自己破産は免責不許可事由に該当しますが、裁量免責により認められるケースが多数あります。
まずは弁護士に相談して最適な方法を検討しましょう。
パチンコ依存症はどこに相談すればよいですか?
精神保健福祉センターや保健所、ギャンブル依存症予防回復支援センターのサポートコールが利用できます。
24時間無料で専門カウンセラーに相談できるサービスもあります。
また、GA(ギャンブラーズ・アノニマス)などの自助グループも効果的です。
法テラスを利用するための条件は何ですか?
世帯の手取り月収が基準額以下(単身者18万2,000円、夫婦25万1,000円等)で、資産が一定額以下(単身者180万円、夫婦250万円等)であることが条件です。
地域により基準が異なります。法テラスの公式サイトで資力基準診断が可能です。
債務整理をすると家族にバレますか?
任意整理の場合、家族にバレる可能性は低いです。
個人再生や自己破産では、同居家族の収入証明が必要になる場合があります。
ただし、秘密にしたまま解決するより、家族の理解と協力を得ながら進める方が再発防止に効果的です。

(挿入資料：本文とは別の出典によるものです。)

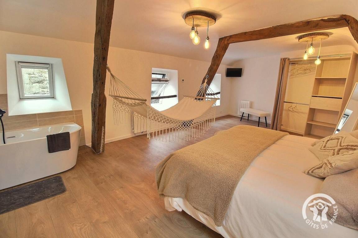 „Le gîte est maginfique, bien situé, bien aménagé et décoré. Les enfants adorent les balancelle, hamac et geande baignoire. Les propriétaires sont sympathiques, disponibles et affables.“

債務整理後もパチンコをやってしまったらどうなりますか?
個人再生の場合は再生計画が取り消される可能性があります。
任意整理の場合も和解条件違反となり、一括請求される恐れがあります。
そのため、債務整理と並行して依存症治療を受け、継続的なサポートを受けることが重要です。
パチンコ借金からの脱出は今日が始まりの日
パチンコ借金の平均額680万円という現実は確かに厳しいものですが、適切な対処により解決は可能です。
重要なのは、借金問題と依存症の両方に同時に取り組むことです。
法テラスの活用により費用負担を軽減しながら債務整理を進め、精神保健福祉センターや専門医療機関での治療を並行することで、根本的な解決につながります。
一人で抱え込まず、専門家のサポートを受けながら、新しい人生への第一歩を踏み出しましょう。



今日という日が、パチンコ借金からの脱出と人生再建の始まりの日になることを願っています。